The expectation was reasonable: AI translates 80%, a human corrects 20%. The reality is more frustrating than that. When a generic MT engine produces output that's grammatically accurate but completely wrong for the client's brand — formal where the brief said casual, "Bildschirm" where the style guide specified "Monitor," "Nutzer" where the client uses "Kunde" throughout — fixing it takes longer than starting over. The AI saved no time; it just moved the work.
The problem isn't the translator. It's that generic MT has no knowledge of this client. It doesn't know that "Dashboard" should stay untranslated in German, that the register is casual du not formal Sie, or that the client's style guide uses ten specific phrases that must appear verbatim. That context doesn't exist anywhere in the pipeline — so the output is missing it, and the post-editor has to supply it by hand.
From the community:
"Post-editing MT takes just as long as translating from scratch if the output is bad."
"I'd rather translate from scratch than spend two hours fixing terminology errors that a properly configured glossary would have prevented."

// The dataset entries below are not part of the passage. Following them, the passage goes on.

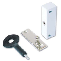 Automatically snaplocks when window is closed. Released by use of the key.Suitable for outward opening hinged windows. Supplied with wedge plate for tapered frames & fixing screws.Finish : WhiteSize : 63mm x 17mm x 18mmPacked Quantity : 1 Lock & 1 Key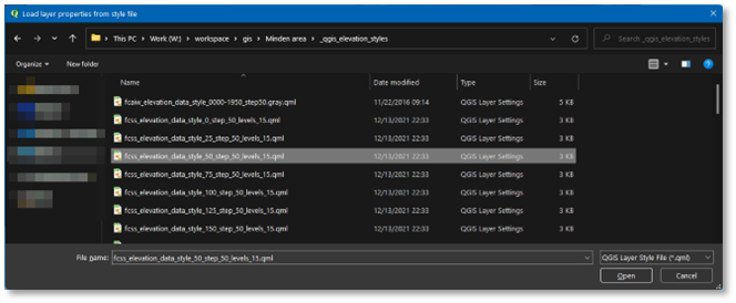 We do so by using QGis to tell us about the actual elevation in the Minden area, and select the most appropriate style from the preset styles.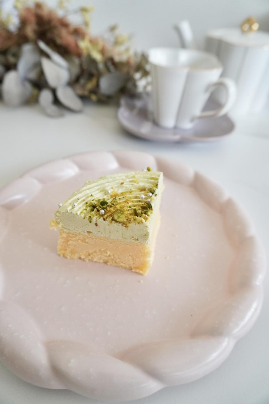 口に入れると濃厚なチーズケーキとふわっと香るピスタチオがマッチして最高の味わい。

"The AI is fast. The post-editing isn't. The net time saving is close to zero."
The fix isn't a faster MT engine. It's a pipeline that loads the client context before generating anything.
Your client's glossary is enforced before the first word is generated.
When Flixu translates a project, it loads the client's Glossary as a payload constraint before the language model receives the source text. The approved term isn't a suggestion the model can override when the context gets ambiguous — it's specified in the input. The model builds the surrounding grammar around the fixed term from the start.
In practice: "Monitor" appears as "Monitor." "Kunde" appears as "Kunde." The term you would have had to manually correct fifteen times across a 5,000-word document isn't there to correct — because the constraint prevented it before generation.
When the client updates their terminology, the change applies immediately to every subsequent translation. No email thread, no version of the style guide that the previous translator had but you don't.
→ How glossary constraints work: Glossary Enforcement
Your client's brand voice is in the configuration, not in your mental model.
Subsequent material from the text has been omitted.